The best music George D. Henderson produces is done in the moment, on the fly, on the edge, imperfect, unfinished. That makes sense for someone whose lifelong aesthetic – whether by choice or, more often, by force of circumstance, has been about capturing the essential spark of music creation over creating a glossy audiophile music commodity.
That frustrates some of those who appreciate his art. As notorious NZ music critic curmudgeon Gay Steel once wrote of an album he liked by Henderson’s long-time band The Puddle. “I wish, however, [the] budget extended to a producer, and rehearsal time, and someone to sweat over the arrangements.”

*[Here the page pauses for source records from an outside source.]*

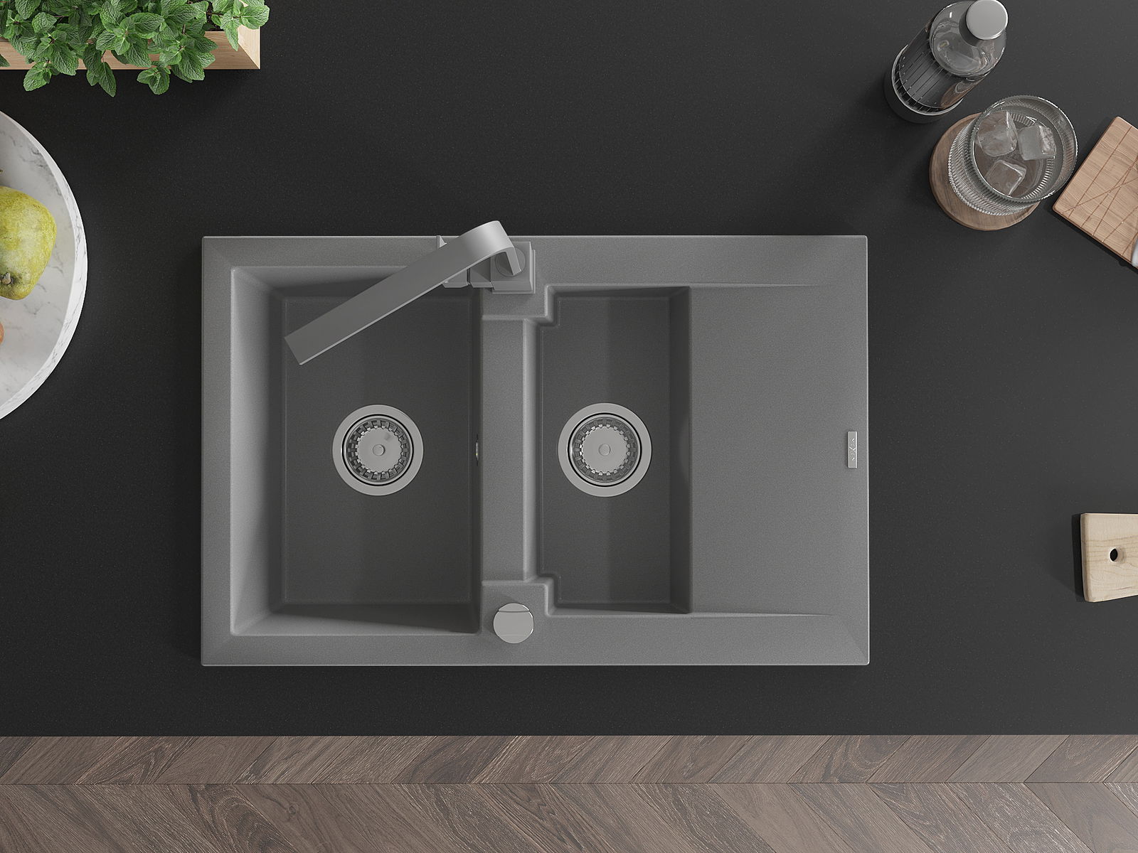 Mexen Gaspar гранитна мивка с 1,5 камери с отцедник и кухненски смесител Rita, сив - 6507-71-670300-71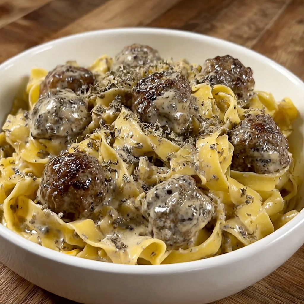 Des boulettes moelleuses, des tagliatelles fraîches et une sauce au poivre crémeuse à tomber… c’est un plat plein de caractère et de douceur à la fois. Parfait pour un dîner en famille ou entre amis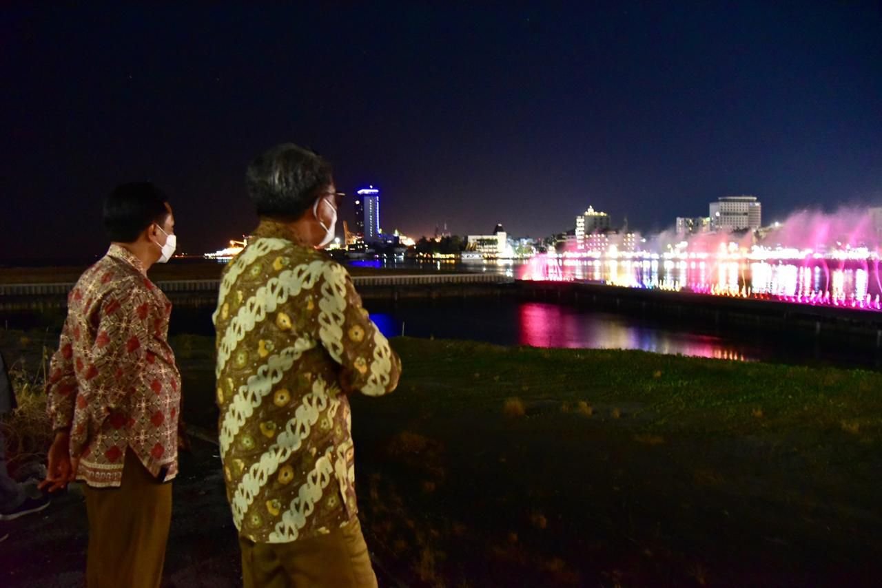 Sebelumnya, Nurdin Abdullah dan Rudy Djamaluddin meninjau lokasi tersebut pada Selasa (25/8/2020) malam. Air mancur dengan konsep penuh hiasan lampu yang diiringi irama lagu.

For the perpetual outsider of NZ rock, his recordings – as The Spies, The And Band, The Puddle and now The New Existentialists – have usually been made under various financial, physical, practical and temporal constraints and exist as the product of their circumstances. Fittingly, that is also the theme of this song “Didn’t Have Time”…
In 1991 Bruce Russell (The Dead C/ Xpressway Records) explained in a review in NZ music weekly Rip It Up: “While his career may be largely unknown to the majority of even those well informed insiders reading these pages, the fact is that since the mid-70s George Henderson (poet, nutritional theorist, connoisseur of the esoteric) has been constantly engaged in an obscure but utterly uncompromising investigation-cum-pilgrimage through the ‘secret’ side of music, thought and the fine arts in this country. The most obvious expression of this has been in music… Though all too often better appreciated by other musicians than by the public, George’s music is at heart pop. Those who snapped up The Puddle’s 1986 EP “Pop Lib” will know that he has few peers in NZ for a catchy melody or an incisively pithy lyric, as well as a unique guitar style and a talent for off-the-wall arrangements.”

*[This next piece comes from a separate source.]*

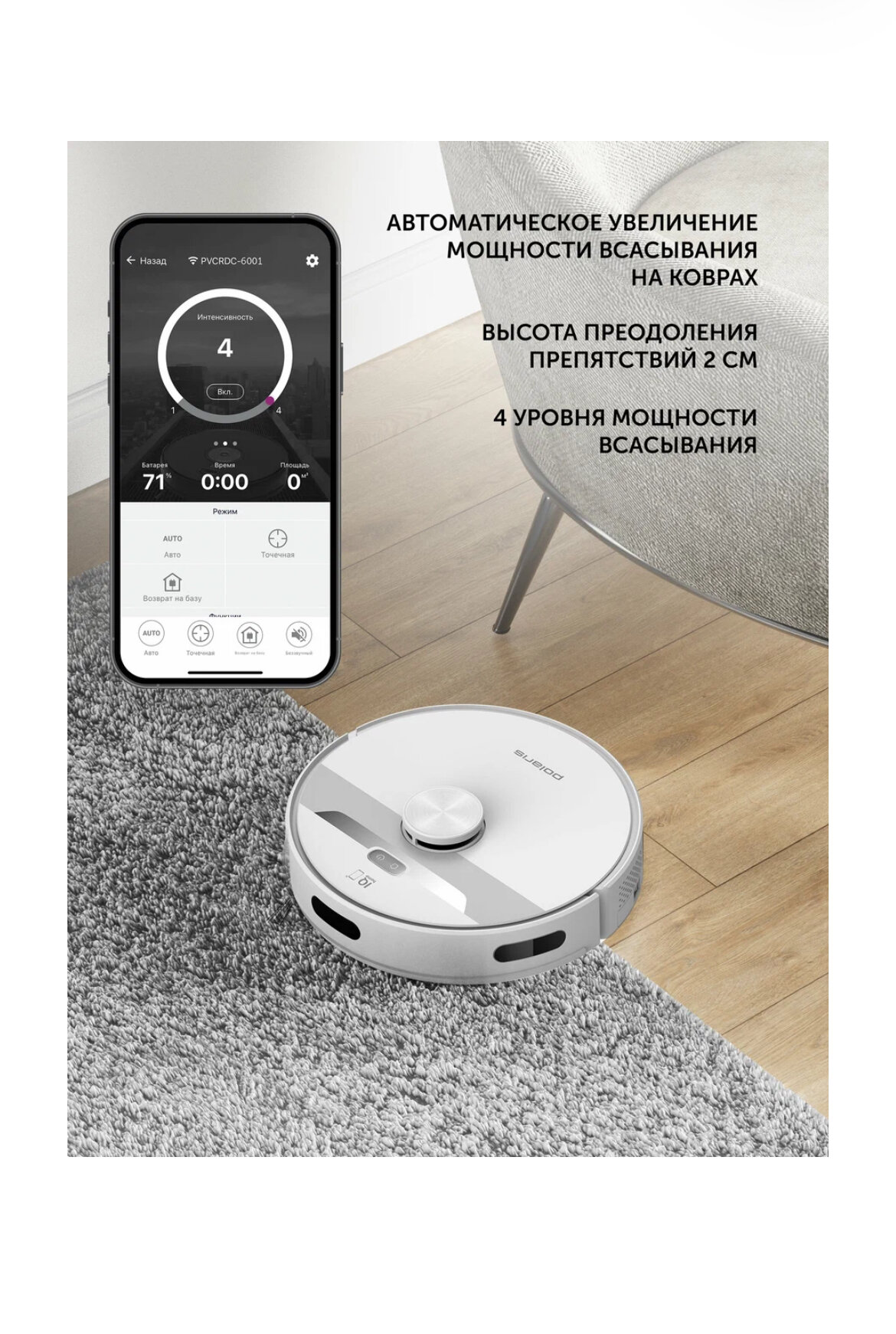 робот-пылесос POLARIS PVCR6001 30Вт контейнер 0,4л Wi-Fi IQ Home белый

Henderson, now in his 60’s, and making music for over 45 years, is still questing for esoteric knowledge like a curious child trying to understand the universe and his place in it. In the process he’s still finding new corners to turn and ideas to explore in his lifetime “investigation-cum-pilgrimage through the ‘secret’ side of music” and in the process still creating weird and wonky and wonderful literate pop and rock music.